"Strategic application and Critical analysis of Machine Learning to manage and mitigate Risks within the [COMPANY_XXX] Supply Chain"
Topic:
"Strategic application and Critical analysis of Machine Learning to manage and mitigate Risks within the [COMPANY_XXX] Supply Chain"
Abstract:
In todays complex supply networks, disruptions caused by diverse events represent major unknown operational conditions and risk factors requiring research on supply chain risk management. (Bodendorf, Sauter and Franke, 2023). Given the complexity of modern supply chains we argue that a data-driven approach to supply chain risk management enhances the assessment and prediction of risks. The goal of this Thesis is to Predict High Risk suppliers in [COMPANY_XXX] supply chain using Machine learning and Big data analytics. The studys findings will help [COMPANY_XXX] avoid supply chain disruptions and align their purchasing strategies better. The study will be beneficial to [COMPANY_XXX] in preparing for supplier risks and tackling any disruptions caused in the supply chain due to suppliers.
Introduction:
In todays complex supply chain networks risks of disruptions due to organizational factors within and environmental factors outside of supply chains represent major challenges for both practitioners and researchers (Baghersad and Zobel, 2021). In recent years, accompanied by the surge in big data and the increasing demand for business analytics, the importance of empirical research based on observational data in the field of supply chain risk management is experiencing a significant boost (Ho et al., 2017). By incorporating financial indicators which reflect the financial liquidity data of suppliers can be a valuable source of information to predict their risk and prepare for any disruptions that may arise.
Purpose:
The purpose of this application-oriented master thesis is to help [COMPANY_XXX] identify supply chain risks prior to its occurrence and to proactively anticipate supply chain risk affecting the company.

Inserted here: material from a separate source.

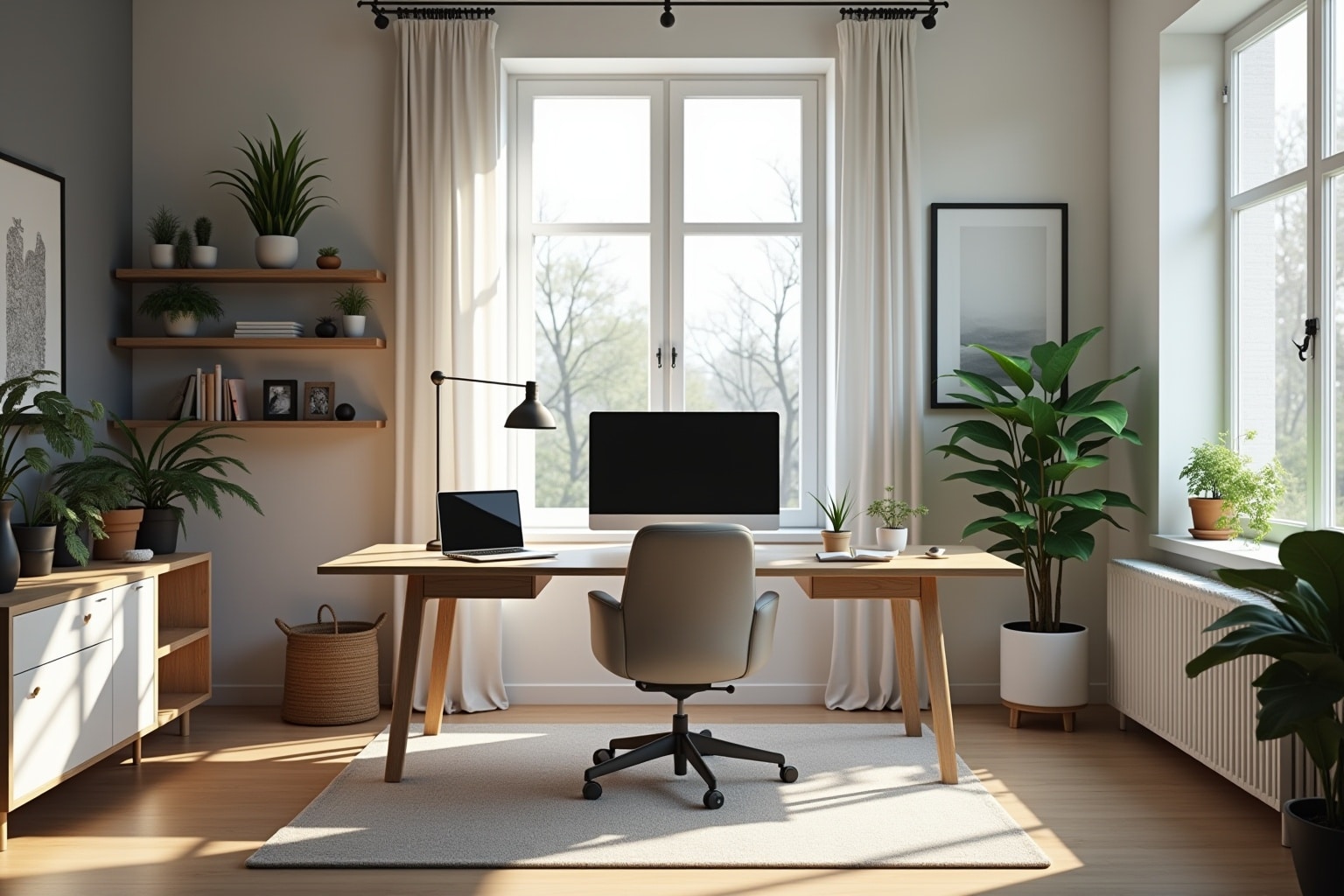 - Teppiche: Ein Teppich unter dem Schreibtisch kann den Bereich definieren und für Akustik sorgen.

Hence with this prior information making [COMPANY_XXX] better prepared for supplier failures and disruptions caused in near future.
Methodology:
This methodology used in this study is a secondary data analysis with the aid of ML techniques.
Impact:
The impact of this study will be significant in helping [COMPANY_XXX] prepare for supplier risks and tackle any disruptions caused in the supply chain. Another benefit would be related to decision making capacity due to a more strategic perspective. Advantage of having risk knowledge in prior intensifies the supplier relationship through an improved information flow.